Inside The Many Lives of Charlotte’s First Thai Restaurant
Served history at Thai Taste

“Authenticity” is an overused word in restaurants, but it still can make the difference between a food experience that excels and one that falls flat. Here’s what authenticity looks like at Thai Taste: The walls are adorned with gongs and paintings from a Thai flea market that shimmer with golden paint. Ruby-colored umbrellas hang from the ceilings. Beneath them, in heels, scurries Chiengthong Kongkham, who’s owned the restaurant on East Boulevard in Dilworth since 1988.
Customers call Chiengthong “Wonder Woman” because she seems to be in constant motion. Her response: “Yes, I am.” Regulars ask if her feet are on fire. “Yes, they are.”
This summer, for the first time in 37 years, Chiengthong’s feet will take her a few steps away from Thai Taste. She’ll still own the business. But her 37-year-old son, Roger, who has worked the register since he was a young boy, will take over operations. Chiengthong plans to travel, draw, and maybe teach a class at Johnson & Wales University, whose students regularly ask Chiengthong for her recipes.
Thai Taste makes its dumplings, spring rolls, and other dishes from scratch, Chiengthong explains as the three of us speak at a table. The chefs chop fresh herbs daily—lemongrass, curry leaves, and ginger. Chiengthong recommends the pad thai, red curry, and mango sticky rice, a traditional dish from her home country of Laos.

Chiengthong recommends the pad thai (above), red curry (right), and mango sticky rice (below), a traditional dish from her home country of Laos.
Some first-time customers are “afraid of spicy,” she says. So she created a simple mild-to-hot rating system of stars from one to five. Many of those spice-fearing customers tack on another star with each visit—especially when they have colds, Chiengthong says. “We don’t order frozen food,” Chiengthong adds. “Everybody else, they order from manufacturing and stuff like that.”
Her reputation comes from the restaurant’s longevity and status as—the Kongkhams believe—the first Thai restaurant in Charlotte. They’ve witnessed milestones: engagements, breakups, reconciliations. They’ve served local celebrities like Luke Kuechly, Ric Flair, and Hugh McColl. Unofficial dedications to these loyal customers dot the walls. Over there’s a collection of digital photos of Kuechly. Near it hangs a plaque that recognizes The Friday Lunch Group, a group that’s met at the back right table since 1997.

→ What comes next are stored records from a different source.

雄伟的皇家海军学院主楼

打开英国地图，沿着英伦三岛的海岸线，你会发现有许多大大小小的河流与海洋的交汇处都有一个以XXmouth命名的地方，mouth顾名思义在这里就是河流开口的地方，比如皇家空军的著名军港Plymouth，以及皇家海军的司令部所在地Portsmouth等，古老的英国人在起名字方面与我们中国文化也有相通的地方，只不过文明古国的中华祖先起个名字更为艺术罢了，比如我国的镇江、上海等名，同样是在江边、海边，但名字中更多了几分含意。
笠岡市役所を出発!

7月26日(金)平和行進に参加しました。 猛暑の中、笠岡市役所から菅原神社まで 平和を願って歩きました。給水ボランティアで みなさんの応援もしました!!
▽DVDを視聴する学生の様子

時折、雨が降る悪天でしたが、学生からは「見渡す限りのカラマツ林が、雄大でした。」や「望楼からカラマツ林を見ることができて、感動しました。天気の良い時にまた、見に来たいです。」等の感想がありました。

Photos of local celebrities and friends—including that of The Friday Lunch Group (below), which has met at the back right table since 1997—adorn the walls near the cash register.

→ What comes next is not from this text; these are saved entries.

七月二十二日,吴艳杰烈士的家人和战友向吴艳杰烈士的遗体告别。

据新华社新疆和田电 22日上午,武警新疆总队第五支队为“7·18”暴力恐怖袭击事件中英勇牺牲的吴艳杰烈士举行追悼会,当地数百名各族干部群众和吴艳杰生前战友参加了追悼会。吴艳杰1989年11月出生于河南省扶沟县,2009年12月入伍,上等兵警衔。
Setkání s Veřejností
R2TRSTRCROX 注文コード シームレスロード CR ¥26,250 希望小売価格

Chiengthong has never advertised. She credits the restaurant’s longevity to word of mouth. “We really just kind of presented ourselves as ourselves,” Roger says, “not even trying to pretend to be anyone else.” Even with the switch, he says Thai Taste’s core identity won’t change: “I never want to take away from the history of the building or the history of the business. I want to pay homage to that.”
By the time Chiengthong and a business partner founded Thai Taste, she’d already experienced a life of constant movement. She was born in Laos, but she and her parents had to flee in 1975 after the country’s takeover by the communist Pathet Lao. They swam across the Mekong River into neighboring Thailand and, like thousands of other refugees from Laos and Cambodia, spent years in refugee camps in Thailand. Finally, in 1980, they acquired U.S. immigration sponsorship from a church in Washington state, thanks largely to her father’s service in the pro-Western Laotian royal military.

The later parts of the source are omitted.